UVA High Security Zone Software List

Module Category Description
R lang R is a free software environment for statistical computing and graphics.
anaconda lang This module points to Miniforge. - The conda/mamba executables are included. - The default channel is conda-forge. For details see https://www.rc.virginia.edu/2024/10/transition-from-anaconda-to-miniforge-october-15-2024/
ant devel Apache Ant is a Java library and command-line tool whose mission is to drive processes described in build files as targets and extension points dependent upon each other. The main known usage of Ant is the build of Java applications.
apptainer tools Apptainer/Singularity is an application containerization solution for High-Performance Computing (HPC). The goal of Apptainer is to allow for "mobility of computing": an application containerized on one Linux system should be able to run on another system, as it is, and without the need to reconcile software dependencies and Linux version differences between the source and target systems.
bcftools bio SAMtools is a suite of programs for interacting with high-throughput sequencing data. BCFtools - Reading/writing BCF2/VCF/gVCF files and calling/filtering/summarising SNP and short indel sequence variants
bedtools bio The BEDTools utilities allow one to address common genomics tasks such as finding feature overlaps and computing coverage. The utilities are largely based on four widely-used file formats: BED, GFF/GTF, VCF, and SAM/BAM.
binutils tools binutils: GNU binary utilities
bison lang Bison is a general-purpose parser generator that converts an annotated context-free grammar into a deterministic LR or generalized LR (GLR) parser employing LALR(1) parser tables.
blast bio Basic Local Alignment Search Tool, or BLAST, is an algorithm for comparing primary biological sequence information, such as the amino-acid sequences of different proteins or the nucleotides of DNA sequences.
boost devel Boost provides free peer-reviewed portable C++ source libraries.
bowtie2 bio Bowtie 2 is an ultrafast and memory-efficient tool for aligning sequencing reads to long reference sequences.

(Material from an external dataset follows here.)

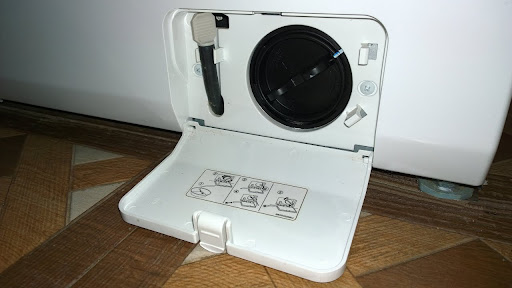 Put rags around the container and you can begin the process of cleaning the waste filter of the lg washing machine. Make sure the unit is empty, turned off, and drained of any visible water in the tub. The hose is attached to the washing machine at the top, on the right side.

It is particularly good at aligning reads of about 50 up to 100s or 1,000s of characters, and particularly good at aligning to relatively long (e.g. mammalian) genomes. Bowtie 2 indexes the genome with an FM Index to keep its memory footprint small: for the human genome, its memory footprint is typically around 3.2 GB. Bowtie 2 supports gapped, local, and paired-end alignment modes.
bwa bio Burrows-Wheeler Aligner (BWA) is an efficient program that aligns relatively short nucleotide sequences against a long reference sequence such as the human genome.
bzip2 tools bzip2 is a freely available, patent free, high-quality data compressor. It typically compresses files to within 10% to 15% of the best available techniques (the PPM family of statistical compressors), whilst being around twice as fast at compression and six times faster at decompression.
cereal lib cereal is a header-only C++11 serialization library. cereal takes arbitrary data types and reversibly turns them into different representations, such as compact binary encodings, XML, or JSON. cereal was designed to be fast, light-weight, and easy to extend - it has no external dependencies and can be easily bundled with other code or used standalone.
circos bio Circos is a software package for visualizing data and information. It visualizes data in a circular layout - this makes Circos ideal for exploring relationships between objects or positions.
cmake devel CMake, the cross-platform, open-source build system. CMake is a family of tools designed to build, test and package software.
comp2comp bio Comp2Comp is a library for extracting clinical insights from computed tomography scans.
ctakes data Apache cTAKES is a natural language processing system for extraction of information from electronic medical record clinical free-text.
cuda system CUDA (formerly Compute Unified Device Architecture) is a parallel computing platform and programming model created by NVIDIA and implemented by the graphics processing units (GPUs) that they produce. CUDA gives developers access to the virtual instruction set and memory of the parallel computational elements in CUDA GPUs.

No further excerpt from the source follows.